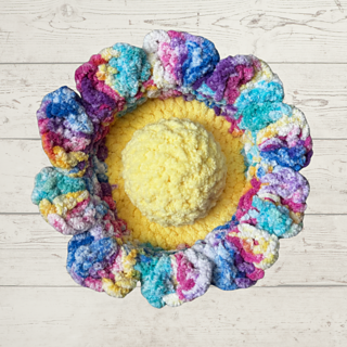 40-50g of plush yarn (I used 2 colors in roughly 23 grams each for the flowers)
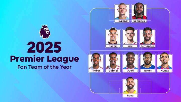 英超官方2025年度最佳阵容:哈兰德领衔,B费、赖斯、詹姆斯在列
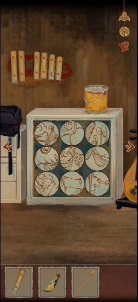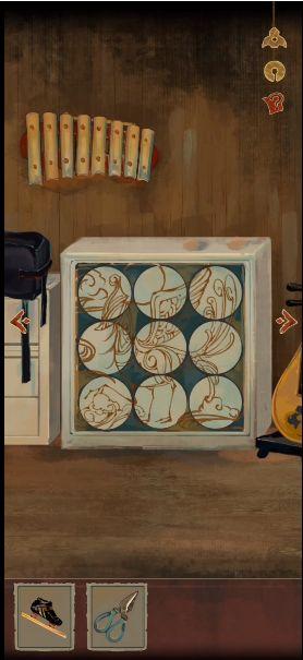 12、我们把两个琴键安装到钟琴上,用刀柄敲击钟琴,密码:35784,拿起掉落的剪刀。
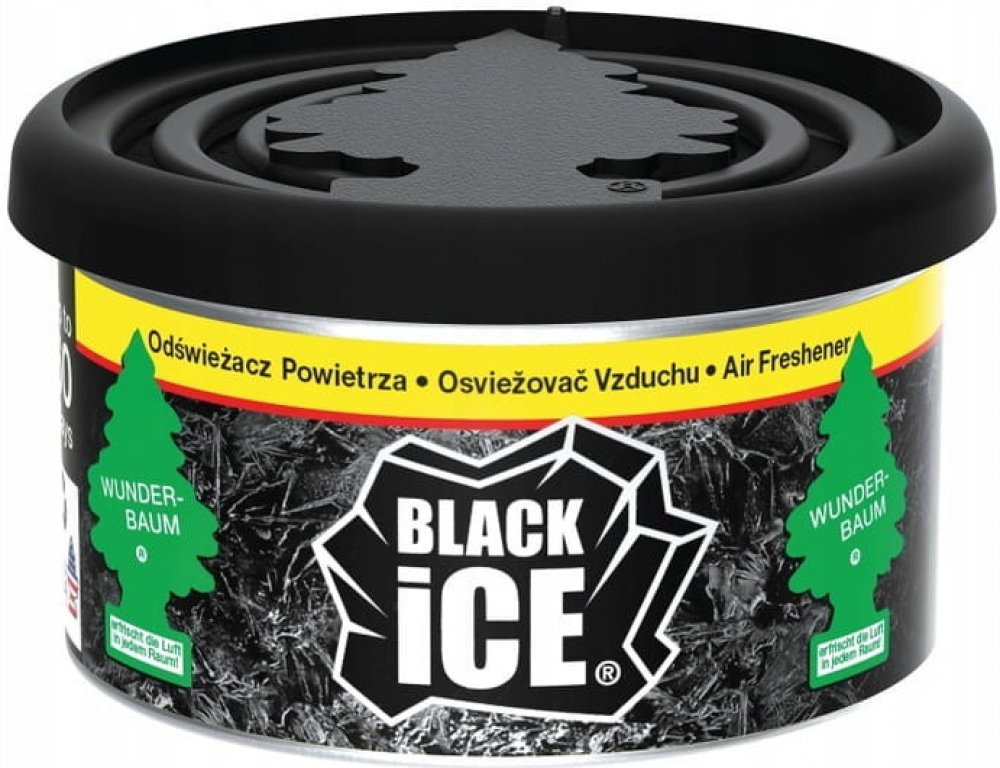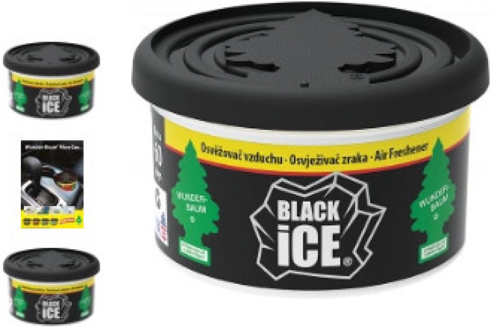WUNDER-BAUM Black Ice je osvěžovač vzduchu v originální plechovce, která je vyrobena z recyklovaných vláken. Dlouhotrvající příjemná vůně provoní interiér vozu i domácnosti. Je dlouhotrvající s nastavitelným víčkem.
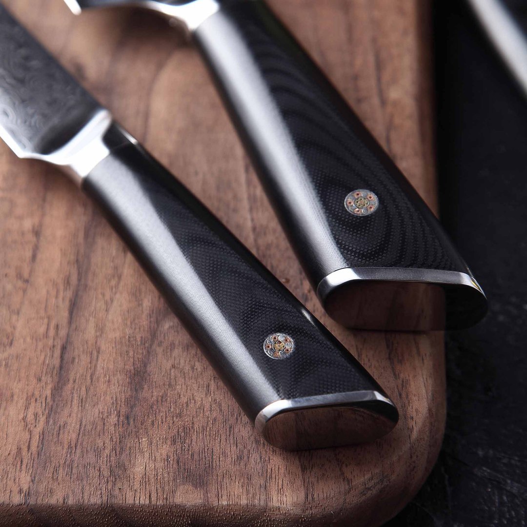 Die 67-lagige Damastklinge mit hochwertigem japanischem VG10-Stahlkern ist mit einem exquisiten Regentropfen-Muster versehen. Sie wurde von Hand mit der traditionellen 3-Stufen-Honbazuke-Methode auf einen 12°-Winkel geschliffen – für maximale Schärfe, Sicherheit und Schnittpräzision. Die Stickstoff-Härtung sorgt für aussergewöhnliche Festigkeit und Fleckenbeständigkeit.
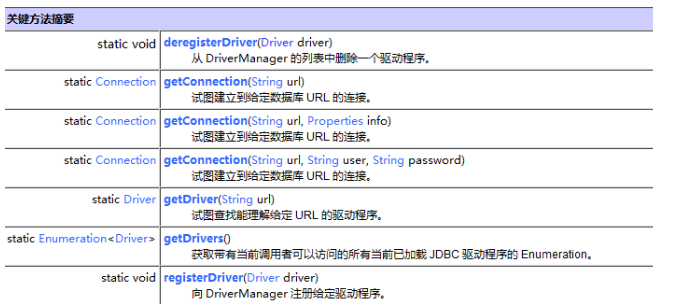 事实上,一般我们操作Driver,获取Connection对象都是交给DriverManager统一管理的。DriverManger可以注册和删除加载的驱动程序,可以根据给定的url获取符合url协议的驱动Driver或者是建立Conenction连接,进行数据库交互。

The task: Send back the entries above exactly. Skip the images.

Your solution:
 40-50g of plush yarn (I used 2 colors in roughly 23 grams each for the flowers)
 英超官方2025年度最佳阵容:哈兰德领衔,B费、赖斯、詹姆斯在列
 12、我们把两个琴键安装到钟琴上,用刀柄敲击钟琴,密码:35784,拿起掉落的剪刀。
WUNDER-BAUM Black Ice je osvěžovač vzduchu v originální plechovce, která je vyrobena z recyklovaných vláken. Dlouhotrvající příjemná vůně provoní interiér vozu i domácnosti. Je dlouhotrvající s nastavitelným víčkem.
 Die 67-lagige Damastklinge mit hochwertigem japanischem VG10-Stahlkern ist mit einem exquisiten Regentropfen-Muster versehen. Sie wurde von Hand mit der traditionellen 3-Stufen-Honbazuke-Methode auf einen 12°-Winkel geschliffen – für maximale Schärfe, Sicherheit und Schnittpräzision. Die Stickstoff-Härtung sorgt für aussergewöhnliche Festigkeit und Fleckenbeständigkeit.
 事实上,一般我们操作Driver,获取Connection对象都是交给DriverManager统一管理的。DriverManger可以注册和删除加载的驱动程序,可以根据给定的url获取符合url协议的驱动Driver或者是建立Conenction连接,进行数据库交互。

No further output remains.